14. Enfin, en l'absence de tout élément particulier invoqué, et même en tenant compte des conséquences spécifiques à cette mesure d'interdiction de retour sur le territoire français, le moyen tiré de la méconnaissance des stipulations de l'article 8 de la convention européenne de sauvegarde des droits de l'homme et des libertés fondamentales doit être écarté par les même motifs que ceux précédemment énoncés s'agissant de la mesure portant obligation de quitter le territoire français.

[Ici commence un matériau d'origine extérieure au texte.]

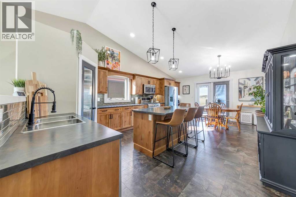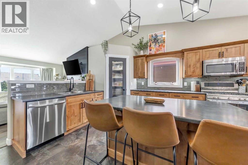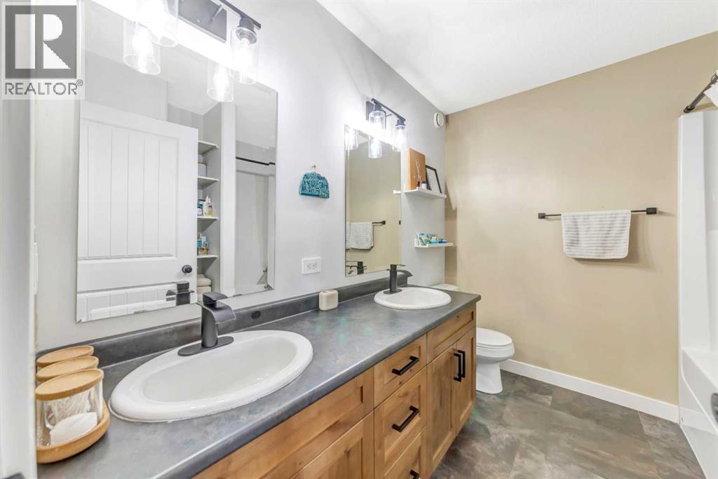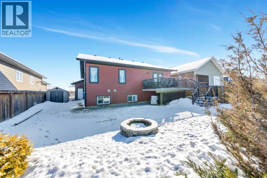 Welcome to the gated community of Lakeshore Estates, one of Lloydminster’s desirable locations surrounded by the beautiful Parkview area and steps from Bud Miller Park, walking paths, and outdoor recreation. This well-maintained 1,380 sq.ft. bi-level offers space, functionality, and modern updates throughout. The main floor features vaulted ceilings and an open layout, creating a bright and inviting living space. The kitchen is designed for everyday living, with alder cabinetry, a corner pantry, stainless steel appliances, a gas stove, an electrified island, and a dining area that leads directly to the deck with a BBQ gas line.A standout feature is the refreshed main-floor laundry room with a sink, offering convenience and extra storage. The spacious primary bedroom includes a walk-in closet and a 5-piece ensuite with dual sinks and linen storage.The fully finished basement features high ceilings, a large family room wired for sound, three additional bedrooms, a full bathroom, and ample storage.Outside, you’ll find a landscaped and fenced yard, a cobblestone patio with a firepit area, RV parking, and a shed with power. The 24’ x 27’ heated double-attached garage provides ample space for vehicles and storage. Located in a private, gated neighbourhood with low monthly condo fees that cover street snow removal and garbage services. A great opportunity to enjoy space, privacy, and location all in one. 3D Virtual tour Available! (id:63190)
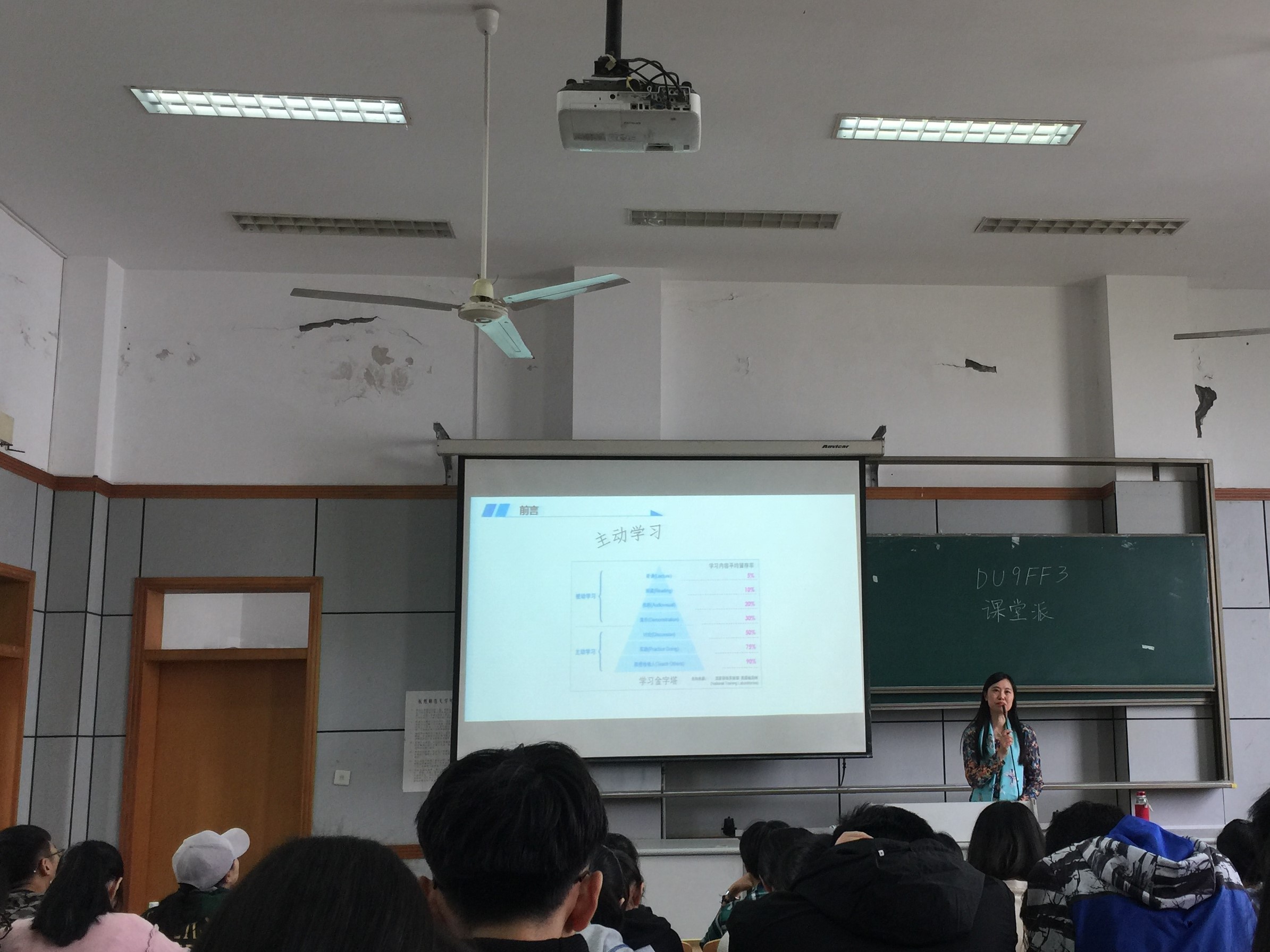 周老师先与同学们分享了一个关于动物办学的小故事,讲述了各有特长的动物们在学校全面发展的要求下学习自己并不擅长的东西,从而物极必反,导致他们的能力大不如前。周老师以此引出当今学校教学的弊端:培养学生德智体美劳全面发展的教育理念使得结果达不到预期目标。周老师紧接着以“互联网+”引出下一个话题——教育改革,周老师说:“学校不改变,我们就改变学校,于是网课就诞生了。”课程资源在网络上共享不仅仅提高了学生自主学习的能动性,还充分推动了教育改革的步伐。因此,渐渐地,课堂从以老师为主体,转变为以学生为主体,自古“学堂”二字的理解也从学生被动去上学,转变为主动去上学,于是,老师便成为学生学业历程上的脚手架,起到托扶、助力的作用。在此周老师以自身高中学英语为例子证明了这一 “学生为主,老师为辅”的观点并积极倡导以学定教、以学评教、以学助教的理念,进而引出学习金字塔,其中主动学习占金字塔底层主要部分,其清晰明了的图示给了在座每位同学极大的启发。随后,周老师以与我们2017届学生密切相关的七选三为例讲述了浙江省课程改革的历程,其中着重讲述了生物的课程改革,提倡将新型的生物教学模式融入到我们的专业课中。在讲座渐渐接近尾声时,周老师对当下的生物教学提出了四点建设性意见,即按需配比生物学科教师、加强学科课程方案建设、合理规划教学设置、加强生物学科组建设。
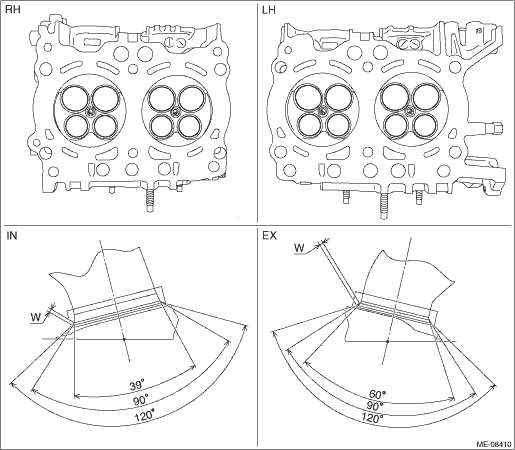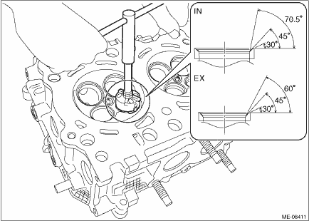 (2) Lap the valve. For lapping procedure of the valve, refer to step 4). (3) Check the seating position between valve and valve seat. For inspection of the seating position between valve and valve seat, refer to step 2). NOTE: This procedure is necessary to select a seat cutter to be used in step (4). (4) Using a seat cutter, correct the valve seat so that the seating width between valve and valve seat becomes the standard value. NOTE: • Select a proper valve seat cutter according to the following table.

15. Il résulte de tout ce qui précède que les conclusions aux fins d'annulation présentées par M. E doivent être rejetées ainsi que, par voie de conséquence, ses conclusions aux fins d'application des dispositions de l'article L. 761-1 du code de justice administrative.

D E C I D E:

Article 1er : M. E est admis au bénéfice de l'aide juridictionnelle provisoire.

Article 2: Le surplus des conclusions de la requête de M. E est rejeté.

Article 3 : Le présent jugement sera notifié à M. E et à la préfète du Rhône.

Rendu public par mise à disposition au greffe le 2 février 2024.

La magistrate désignée,

C. COLLOMB

La greffière,

E. GROS

La République mande et ordonne à la préfète du Rhône en ce qui la concerne ou à tous commissaires de justice à ce requis en ce qui concerne les voies de droit commun contre les parties privées, de pourvoir à l'exécution de la présente décision.